Se restregó los ojos con somnolencia mientras encendía solo uno de los fluorescentes de la cocina en un intento de evitar el resplandeciente brillo blanco que emanaban. Aun así, se encontró parpadeando ante la luz, cegado durante unos breves instantes.

Fuera todavía no había salido el sol, la negrura de los minutos previos al amanecer solo rota por alguna que otra ventana del vecindario iluminada. Y si miraba más allá, la completa oscuridad del bosque, salvaje e indómito.

Abrió ligeramente la ventana para poder oler el aroma a hojas y humedad que lo impregnaba, pero con él una brisa fría se coló en sus huesos: se acercaba el otoño, con sus tonos dorados, ocres y rojos, y sus alfombras de hojas cubriendo el suelo. Con sus vientos gélidos y capas de escarcha cubriendo cristales de coches y ventanas.

Inspiró un par de veces más antes de volver a cerrar la ventana refugiándose en la calidez del hogar.

Tras un suspiro de calma rebuscó en uno de los armarios hasta encontrar las dos cajas de cereales: la suya, un simple muesli con frutos rojos; y la de su hermana, un seguido de formas amorfas de vivos colores que supuestamente eran unicornios.

Se le escapó una sonrisa. Aproximadamente en dos de cada tres desayunos surgía el debate de si eran realmente unicornios o si eran sus excrementos. Y cada una de las veces su hermana le echaba en cara que era un guarro, solo para que él acabase preguntándole si comer excrementos era peor que comerse unos animales mágicos bañados en purpurina que evacuaban cereales de colores. Él se quedaría con la opción que no implicase la muerte de un ser mágico: las defecaciones.

Dejó ambas cajas en la encimera antes de girarse con impaciencia hacia las escaleras. Cada día Elia tardaba más en bajar.

La voz de su hermana pequeña lo pilló desprevenido. No solía contestar a su grito matutino de apresurarse a bajar, simplemente se limitaba a descender las escaleras trotando con una sonrisa en el rostro que oscilaba entre la diversión y el arrepentimiento. Aunque por más que prometiese ir más ligera por las mañanas, siempre acababa haciendo todo lo contrario, cada día parecía tardar más que el anterior.
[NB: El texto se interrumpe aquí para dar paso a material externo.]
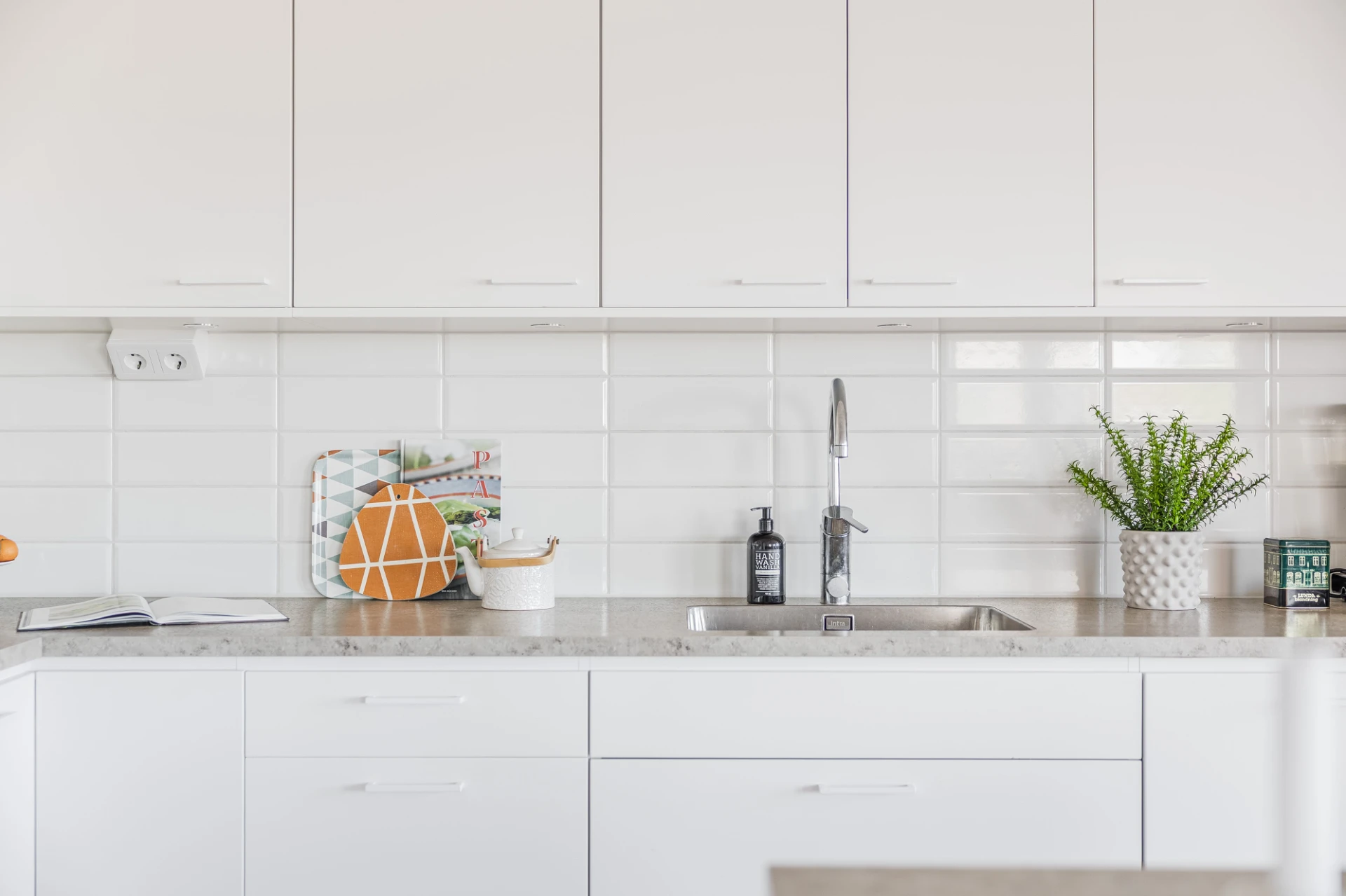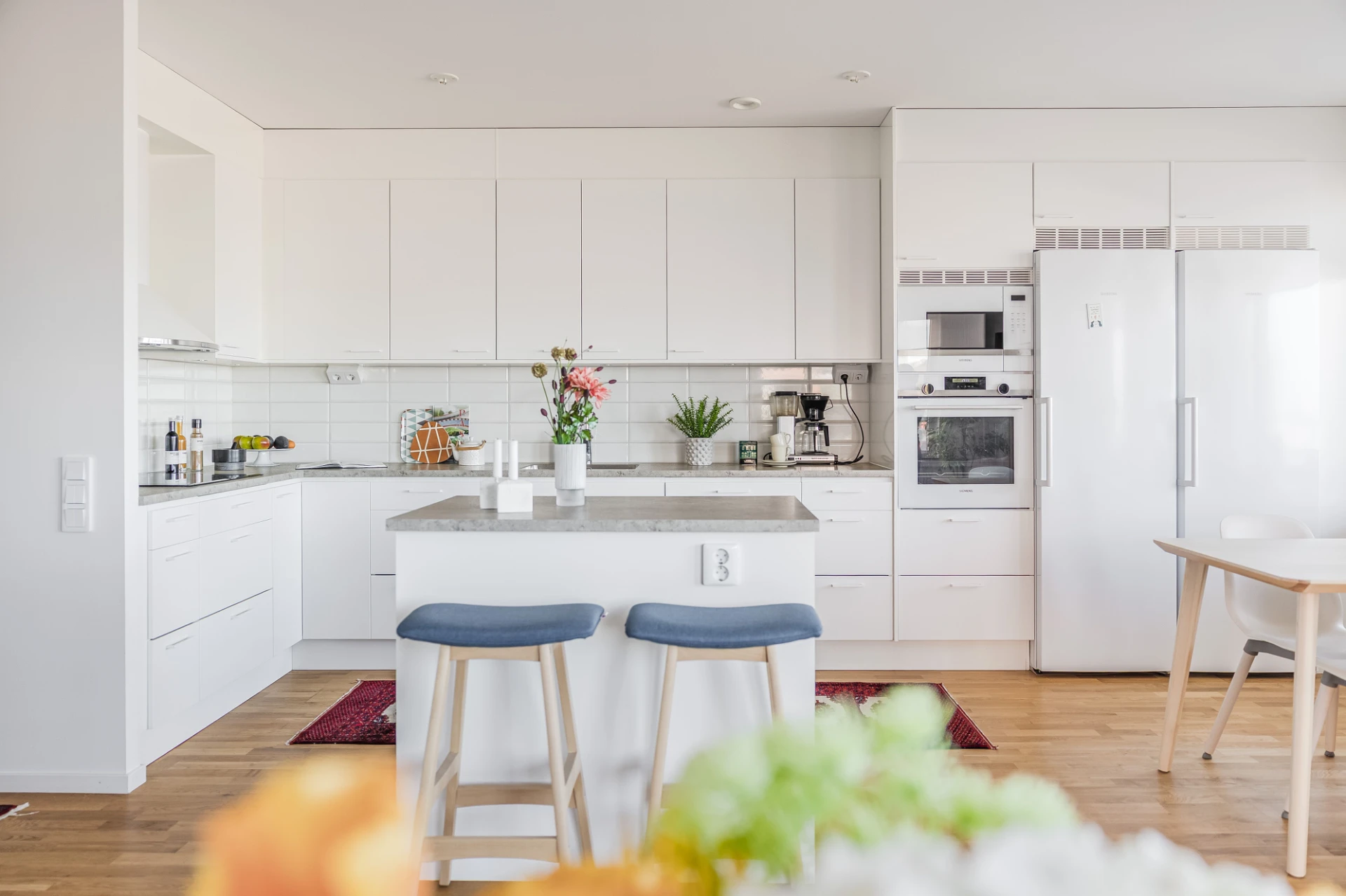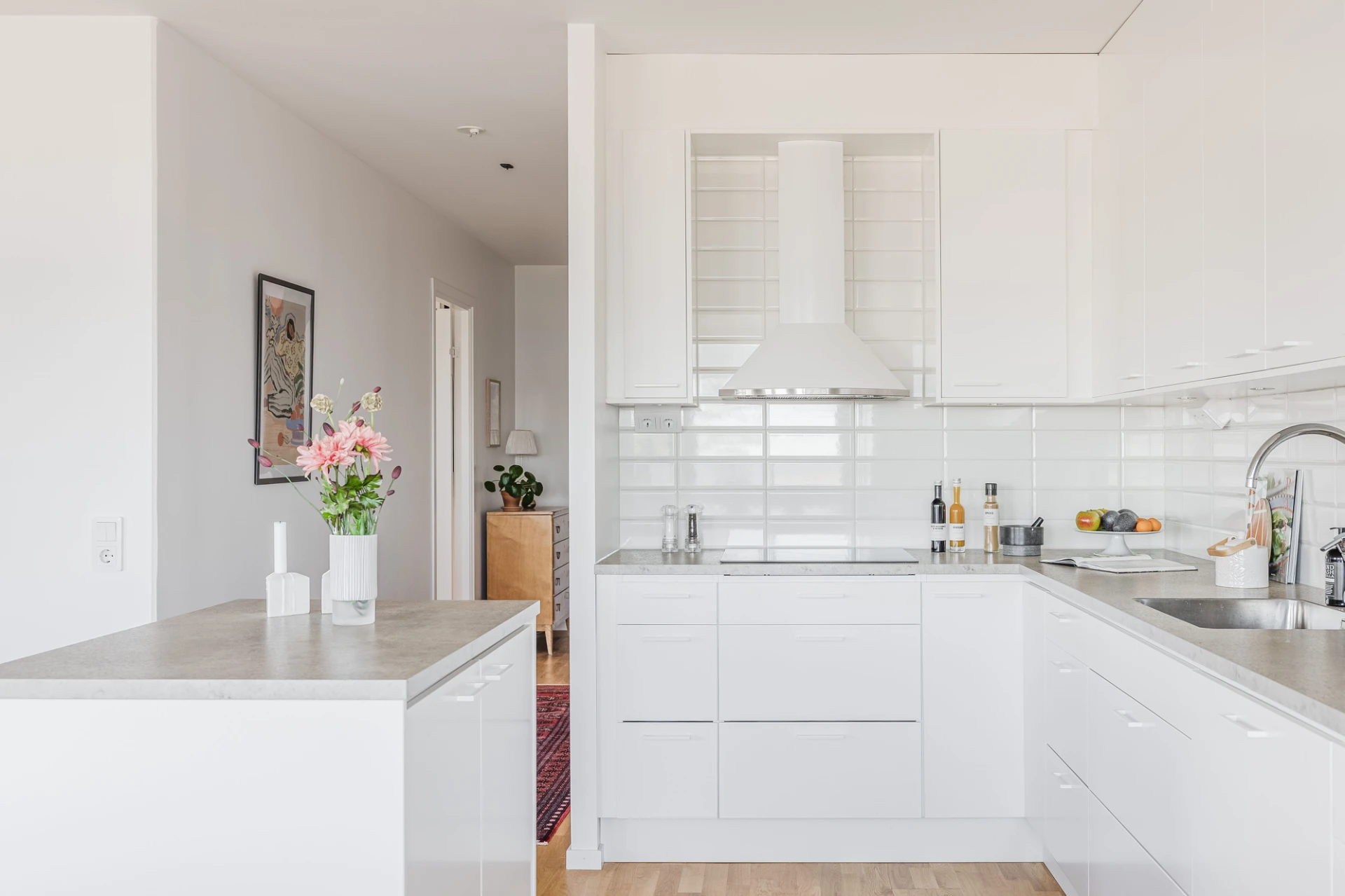Parkettgolv och vita väggar. Vit köksinredning, vitt kakel och grå bänkskiva i laminat. Utrustat med kyl och frys i fullhöjd, spishäll, fläkt, inbyggd ugn, inbyggd mikrovågsugn samt integrerad diskmaskin. Köksö med sittplats och förvaring. Köket ligger i öppen planlösning med vardagsrummet och i anslutning finns plats för matbord.
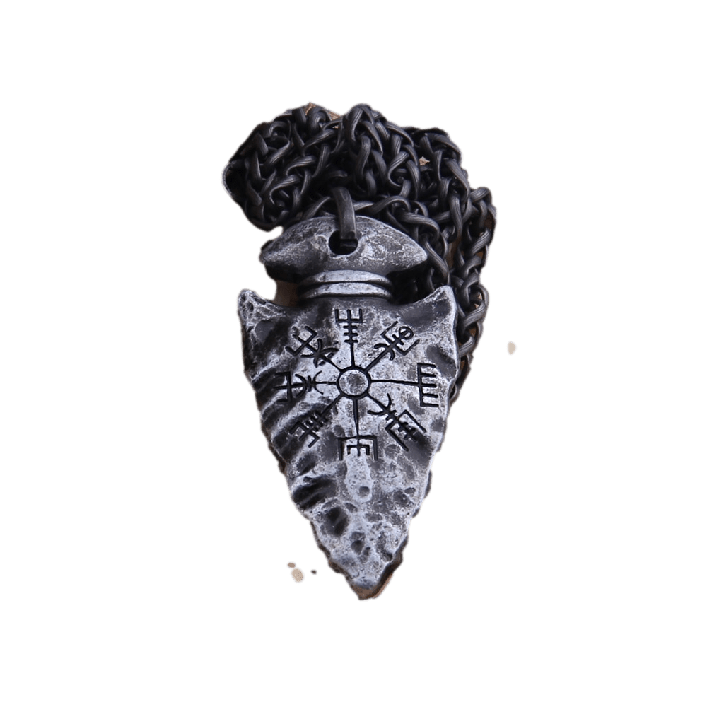 Collar con colgante de lanza vikinga "Helm of Awe" y "Viking Vegvisir"

Y si bien lo sacaba de quicio, adoraba escuchar sus pisadas y preparar la mirada enfurruñada para recibirla. Ya no se la tragaba. Se había hecho mayor.

«Qué rápido pasa el tiempo» pensó con sorpresa.
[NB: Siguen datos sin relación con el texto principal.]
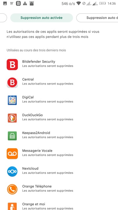 Sans que l’utilisateur n’ait eu son mot à dire, certaines apps relèvent de la catégorie Suppression auto activée, dont l’antivirus Bitdefender, les navigateurs DuckDuckGo et Firefox, le gestionnaire de mots de passe open source Keepass2, les applications d’Orange, le nuage open source Nextcloud, le client mail open source FairMail, OpenVPN Connect, l’application de messagerie Signal… D’autres apps se trouvent dans la catégorie Suppression auto désactivée dont les apps Google telles que le gestionnaire de contacts, le gestionnaire de fichiers, Google Play Store, l’application SMS/MMS…
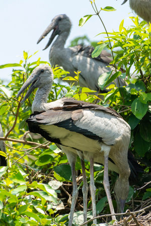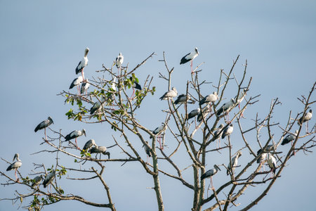 Flock of Open-billed stork, or Asian openbill birds on tree in the public park. The Asian openbill or Asian openbill stork (Anastomus oscitans) is a large wading bird in the stork family Ciconiidae.
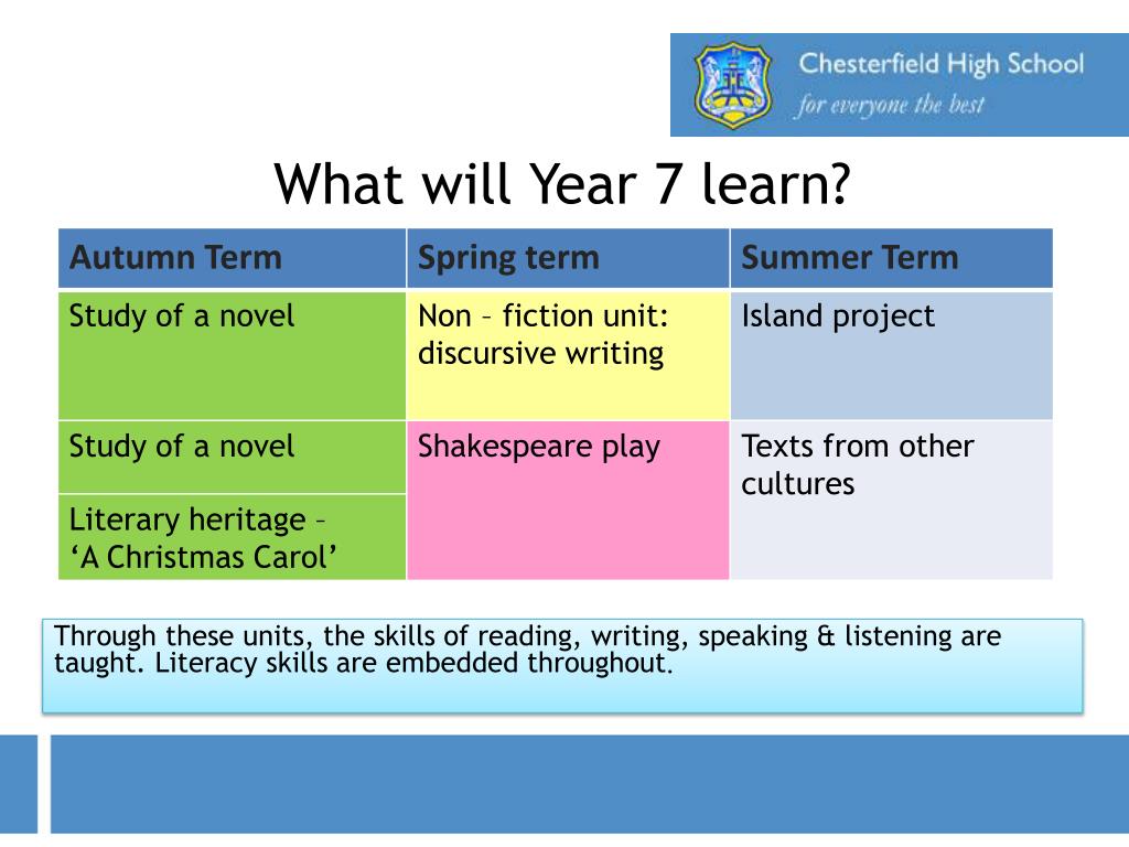 What will Year 7 learn? Through these units, the skills of reading, writing, speaking & listening are taught. Literacy skills are embedded throughout.

«Eso lo dicen los viejos» se reprendió tan pronto se dio cuenta. Él también se estaba haciendo mayor. Aunque si su abuela le escuchaba decir eso acabaría igual de reprendido que un niño de parvulario.

Se le escapó un suspiro divertido un tanto cansado, no había dormido demasiado bien.
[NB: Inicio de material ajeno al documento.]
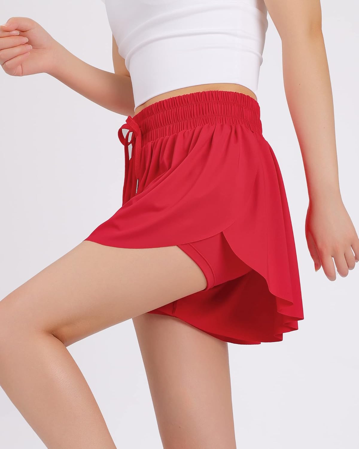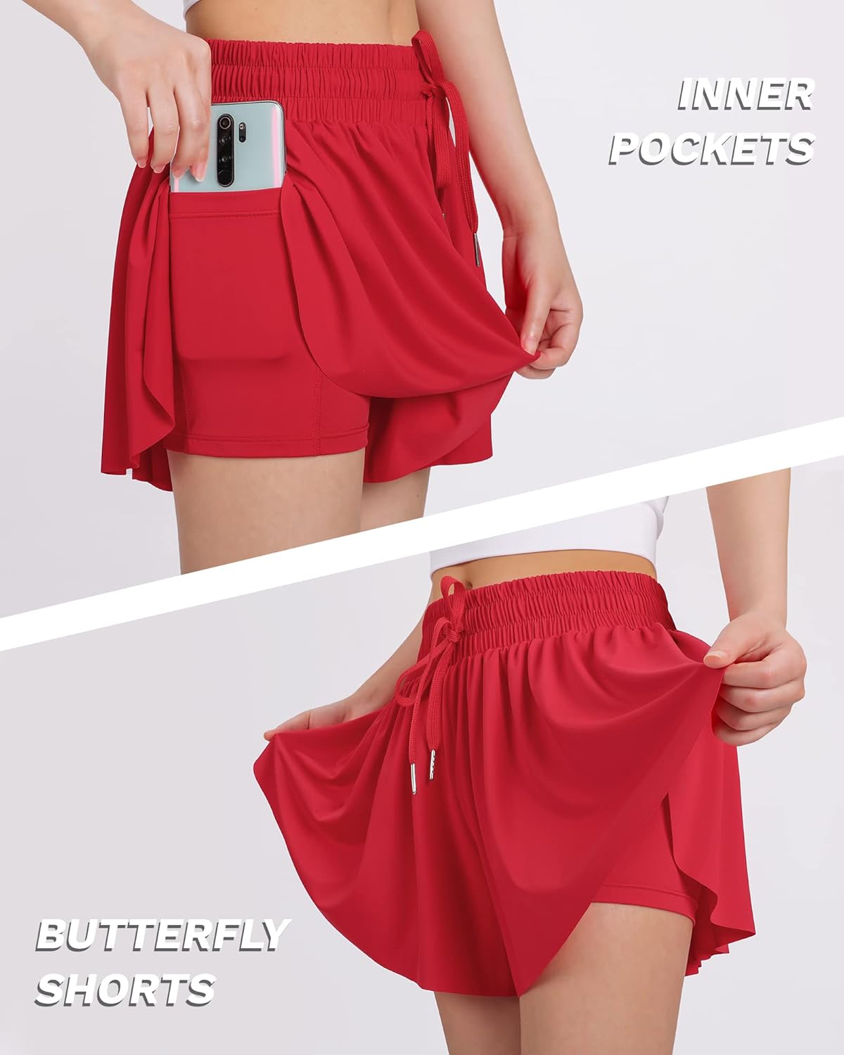 JOCMIC Girls Flowy Shorts, 2 in 1 Preppy Butterfly Shorts with Spandex Liner for Cheer Athletic Gym Teens Casual Clothes
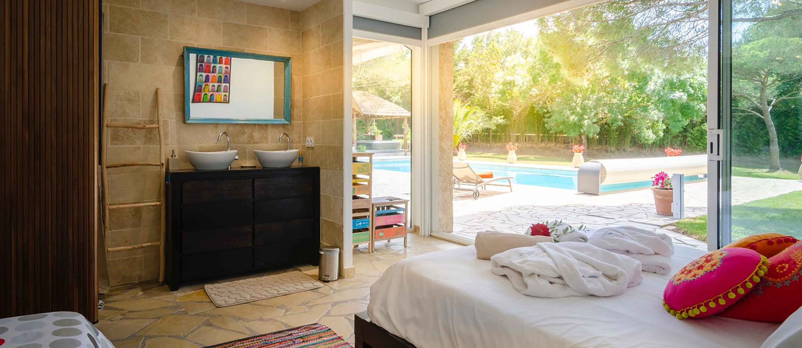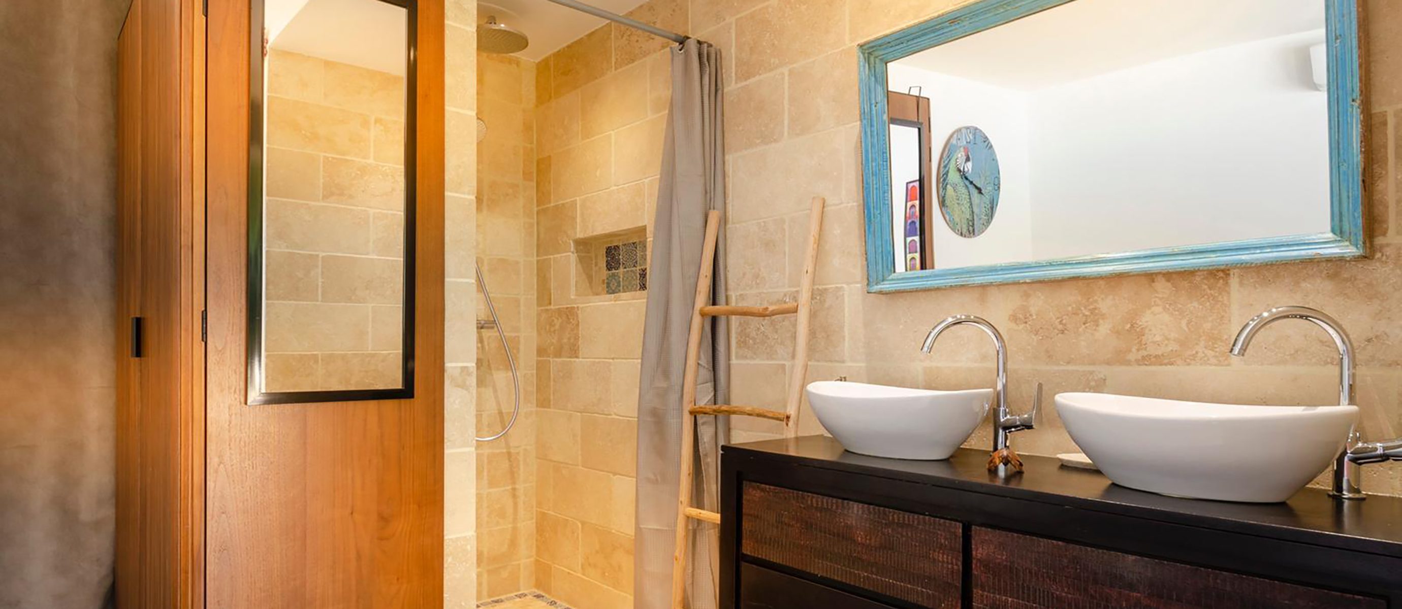 Villa L’Arena consists of 5 bedrooms and 5 bathrooms, of which one with Hammam, for 12 to 14 people. This residence also has a large master ensuite, a cosy reception with a chimney, a charming Provençal fully-equipped kitchen and a spacious dining room.

—¡Apolo ha muerto! —gritó su hermana—. ¡Otra vez!

Le tomó unos segundos ubicar su voz. Estaba en el salón.

—¡No es precisamente una novedad! —contestó también con un grito. Dejó en la encimera el cartucho de leche de avena todavía sin estrenar antes de dirigirse hacia la pequeña pecera redonda dónde Apolo flotaba flácidamente unos centímetros por encima de las plantas acuáticas, las piedrecitas multicolor y su casita-castillo estilo Hogwarts.

Ambos lo observaron con atención durante unos segundos.

—¿De qué debe haber muerto ahora? —se cuestionó la pequeña sin apartar la vista del diminuto cuerpo del pez naranja. Su ceño se había fruncido de manera adorable.

Su hermano no contestó mientras examinaba el pez unos segundos más.

—¿Lo enterramos junto a los otro Apolo? —le propuso finalmente.

La chica clavó su mirada en él: —Lo tiramos por el váter.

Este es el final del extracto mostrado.